The pre-mRNA binds many proteins during transcription. Although collectively called hnRNP proteins, they in fact belong to many different structural and functional families. Like transcription factors, RNA binding proteins can be modular and contain and RNA-binding domain and a protein-protein interacting domain.
RNA-binding domains often recognize short sequences (like a base triplet) and thus have less sequence specificity than DNA-binding domains. To increase specificity, many proteins have multiple RNA-binding domains; ssRNA is flexible enough that different domains can bind the same strand. Common RNA-binding domains are shown below, in order of decreasing frequency.

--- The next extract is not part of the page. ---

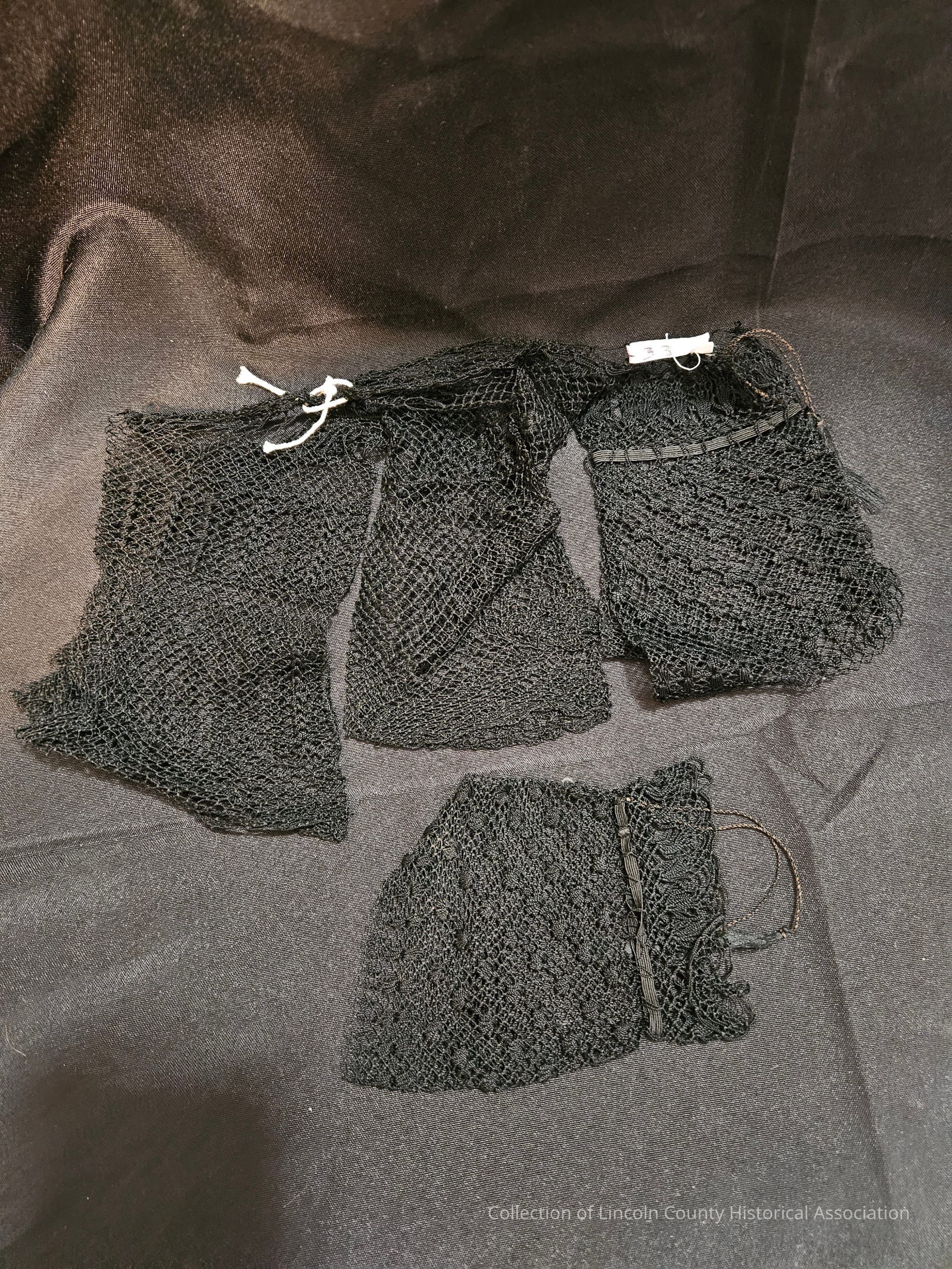 Set of four black lace wristlets. Two different pairs. One pair has dot design and is gathered at top. Also has black tassels. Other pair has line designs.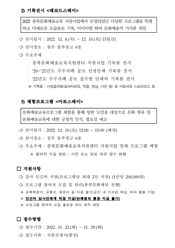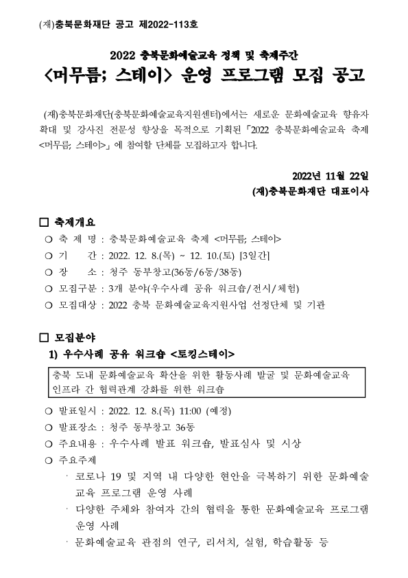 | 2022 충북문화예술교육 정책 및 축제주간 (머무름;스테이)운영 프로그램 모집 공고 | |||||

|RRM/RNP||The RNA Recognition Motif (RRM, aka RNP domain) has an αβ structure whose β domain binds the single-stranded pre-mRNA via many backbone and base-specific interactions.|
|K Homology||K Homology Domains (KH Domains) are also αβ structures, although the binding surface is along the edge between α and β. Multiple KH Domains are often found in one protein.|
Shuttling Between Nucleus and Cytoplasm
Some hnRNP proteins that appear to be exclusively nuclear by fluorescently staining fixed cells with antibodies (immunofluorescence) actually shuttle rapidly between the nucleus and cytoplasm, spending most of their time in the nucleus. This was observed by fusing labeled cells to unlabeled cells, and blocking protein synthesis (cyclohexamide treatment) since otherwise new proteins could get shuttled into the cytoplasm. It was seen that the unlabeled nucleus exhibits fluorescence: thus, it is apparent that the hnRNPs have shuttled out and made their way over.